How Robots Can Identify Objects in Cluttered Spaces

By Colette Barron Last updated Feb 19, 2024

If a robot can’t “see” a target object amid clutter, there’s a chance they will be confused. They lack what psychologists call “object unity,” the ability to identify a thing even when they can’t see all of that thing.

Researchers at the University of Washington are teaching robots via a method called THOR to identify objects on a cluttered shelf. In a recent paper published in IEEE Transactions on Robotics, they demonstrated that THOR outperformed current state-of-the-art models.

Robots sense their surroundings using one or more types of sensors and “see” things using standard color cameras or more complex stereo or depth cameras. Regardless of how good these sensors are, they don’t enable a robot to make “sense” of their surroundings. Robots need a visual perception system to process images and detect where they are, estimate orientation, identify objects, and parse text written on them.

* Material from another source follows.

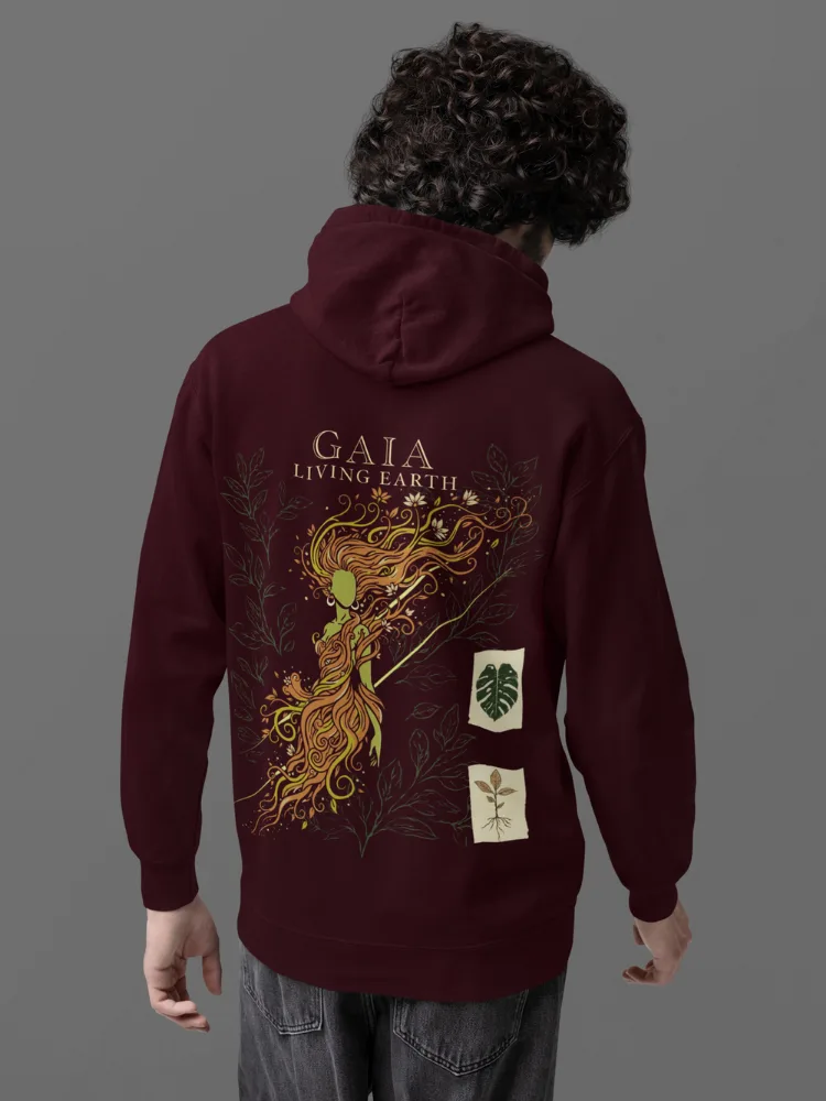 Made from premium 100% cotton, this 300 GSM brushed-fleece hoodie feels solid yet soft, warm without bulk, and unmistakably premium the moment you put it on. The unisex cut sits clean on the body and pairs easily with denim, cargos, or layered fits, while the Gaia artwork on the back turns you into a moving canvas of living earth.

Two challenges exist. First, when viewing many objects of varying shapes and sizes, robots have difficulty distinguishing between the different object types. Second, when several objects are located close to each other, objects can obstruct the view of other objects.

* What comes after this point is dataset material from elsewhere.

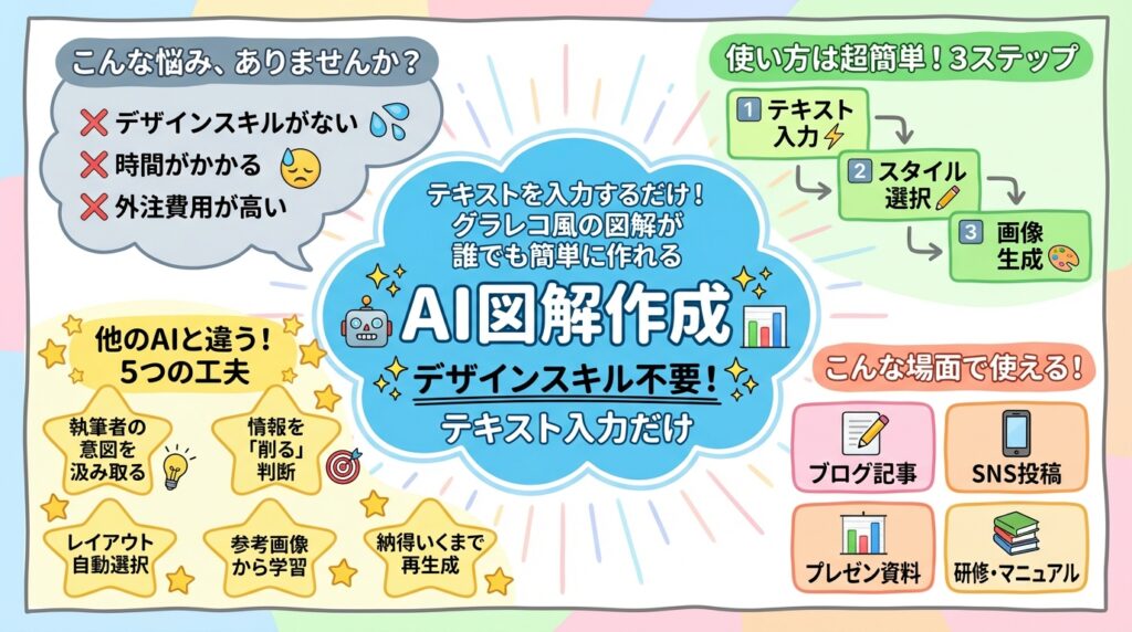 「資料に図解を入れたいけど、デザインスキルがない…」「グラレコ風のおしゃれな図解を作りたいけど、どうすればいいかわからない…」こんな悩みを抱えている方は多いのではないでしょうか。プレゼン資料やブログ記事、SNS投稿において、図解は情報を伝える上で非常に効果的です。文章だけでは伝わりにくい内容も、図解にすることで一目で理解してもらえます。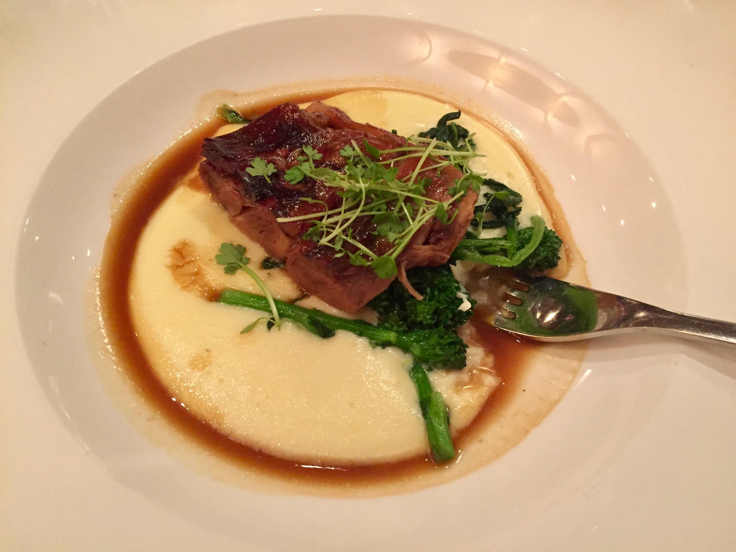 Chef Alexander Burger of the host restaurant, Bar Boulud, was responsible for two courses. The first, passed canapés, included a glorious black truffle goat cheese from artisanal California cheesemaker Laura Chenel, a petite breakfast goat cheese from Marin French Cheese of California, and finally a Gabietou from Mon Fromagerie in Roanne. These rich cheeses were accompanied by Champagne Brimoncourt Régence Brut, Château de Berne's Côte de Provence rosé, and a red Bordeaux from Légende, the venerable Château Lafite's entry into more moderately priced wines.

We know that partially visible objects aren’t broken or entirely new objects by using the shape of objects in a scene to create a 3D representation of each object in our minds. THOR mimics this method and then uses topology to assign each object to a “most likely” object class by comparing its 3D representation to a library of stored representations.

THOR does not rely on training machine learning models with images of cluttered rooms or require the robot to have specialized and expensive sensors or processors. This means that THOR is very easy to build and is readily useful for completely new spaces with diverse backgrounds, lighting conditions, object arrangements, and degrees of clutter. It also works better than the existing 3D shape-based recognition methods because its 3D representation of the objects is more detailed, which helps identify the objects in real time.